La riforma degli arbitri in Serie A e Serie B entra nel vivo. Dopo le proteste di diversi club e le polemiche sulle direzioni di gara, il presidente della FIGC Gabriele Gravina accelera verso una svolta strutturale: la creazione di una classe d’élite indipendente e l’introduzione del professionismo per gli arbitri di A e B.
La questione arbitrale è ormai centrale nel dibattito sul calcio italiano. Per questo la Federazione vuole dare una risposta concreta nel breve periodo, con l’obiettivo di portare una bozza in Consiglio federale entro un mese.
Classe d’élite indipendente: come funzionerà
Il progetto prevede la nascita di una società di fatto privata e completamente autonoma, partecipata al 100% dalla FIGC. All’interno confluirebbe un budget stimato tra i 17 e i 18 milioni di euro annui, finanziato principalmente dalla Federazione e in parte dalle Leghe di Serie A e Serie B.
Il Consiglio federale nominerà tre consiglieri di amministrazione indipendenti, non legati a club, AIA o FIGC. Il nuovo organismo avrà competenze sia amministrative che tecniche:
- un direttore tecnico, che definirà i nomi degli arbitri inseriti nella classe d’élite e svolgerà di fatto il ruolo di designatore;
- un direttore amministrativo, responsabile degli aspetti economici e burocratici.
L’obiettivo è separare il merito sportivo dalle valutazioni politiche, togliendo le nomine dall’organo politico dell’AIA, il Comitato nazionale.

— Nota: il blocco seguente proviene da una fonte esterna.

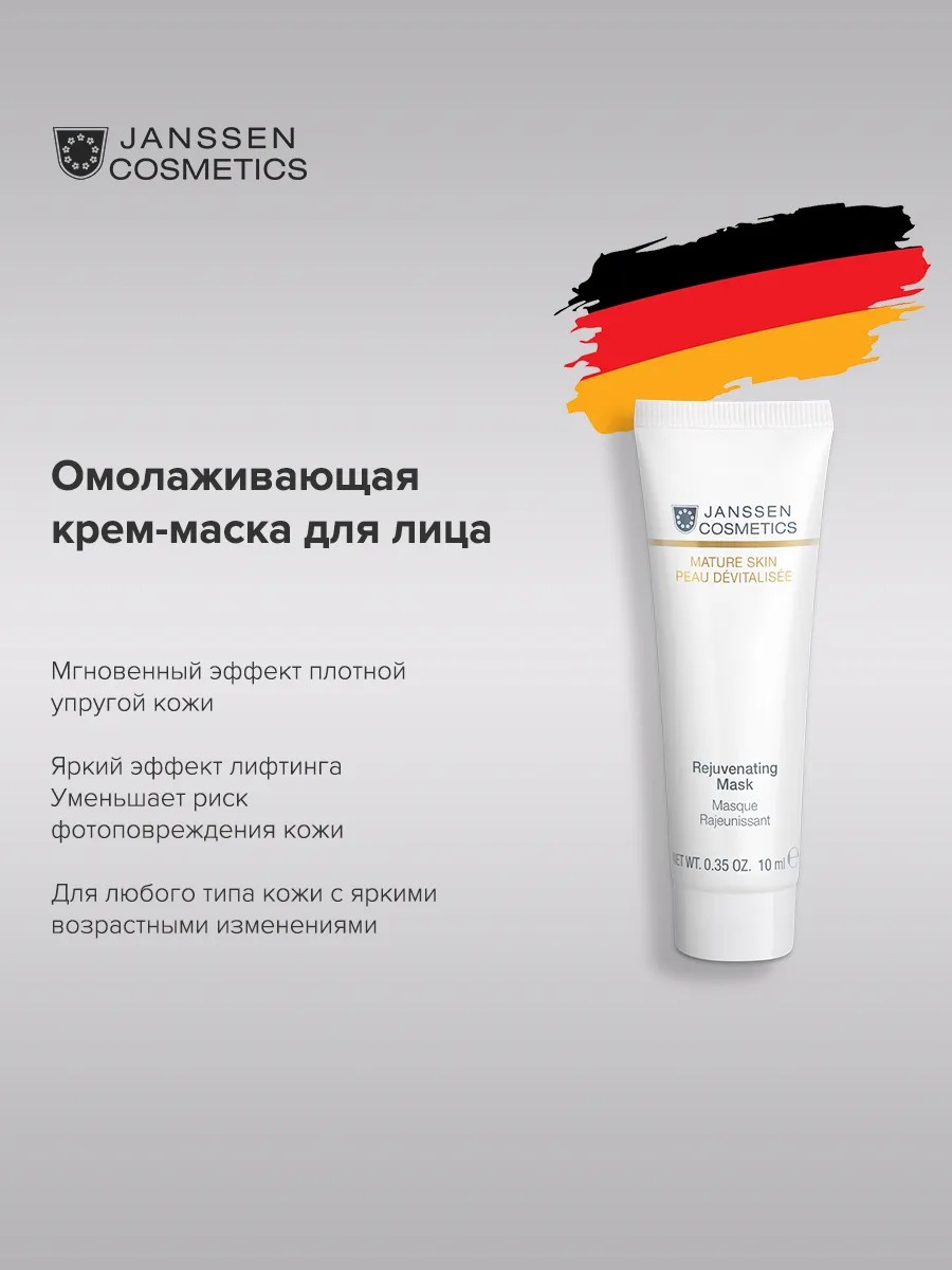 Rejuvenating Mask - Enriched with anti-aging ingredients, this mask energizes dull and tired skin in just minutes. Highly effective components of the Cellular Regeneration complex regenerate mature skin and strengthen its structure: red clover extract reduces wrinkles, tightens and hydrates the skin, kombucha fills wrinkles as a lipofiller, smoothes the skin, and improves its tone. The soothing Sensitive plant complex and bisabolol provide an immediate calming effect. Two types of hyaluronic acid intensively moisturize the skin, while valuable biomimetic oils saturate it with lipids and restore its protective barrier. After just one use, skin looks radiant, rested, and filled with vitality. Benefits: Multifunctional anti-aging mask: lifting, regeneration, improving complexion, smoothing wrinkles. Instant effect of dense, elastic skin and a luminous lifting effect. An innovative complex based on phytoestrogens and biomimetic active ingredients with an intense rejuvenating effect. Cumulative effect: reduces the appearance of wrinkles, improves microcirculation, reduces puffiness, and restores clarity of facial contours. Reduces the risk of photodamage to the skin and increases its resistance to external influences. Has a calming effect, relieves redness and irritation. SOS mask for the effect of perfect skin; a mask "for going out". All-season use. Economical consumption. For any skin type with visible age-related changes. How to use: Apply a thick layer to clean skin, leave for 10-15 minutes, and then remove the residue with a warm, damp compress. For very dry skin, you can apply the mask in the evening, let it absorb and blot the excess with a napkin. Janssen Cosmetics is a German brand of world-class professional cosmetics. We are the official exclusive representatives of the brand in Russia. Deliveries are direct from Germany, all products are original.

Professionismo per gli arbitri di Serie A e B
La riforma punta anche a introdurre il professionismo per gli arbitri di Serie A e Serie B. In una prima fase, i direttori di gara verrebbero pagati a gettone; successivamente, se ritenuti idonei dal designatore, potrebbero essere assunti con contratti a tempo determinato.
L’AIA continuerebbe a occuparsi della formazione dei nuovi arbitri e della gestione fino alla Serie C, mentre la nuova struttura autonoma gestirebbe esclusivamente la classe d’élite.
Tempistiche e obiettivi della FIGC
La FIGC vuole arrivare rapidamente al voto in Consiglio federale. L’idea è quella di presentare una proposta definitiva entro un mese, con l’ambizione di rendere operativa la riforma già dalla stagione 2026/2027.
Gravina punta a una riforma ampia e condivisa, sostenuta da una larga maggioranza del mondo sportivo. L’obiettivo dichiarato è aumentare trasparenza, qualità e indipendenza della classe arbitrale, rispondendo così alle critiche e restituendo credibilità al sistema.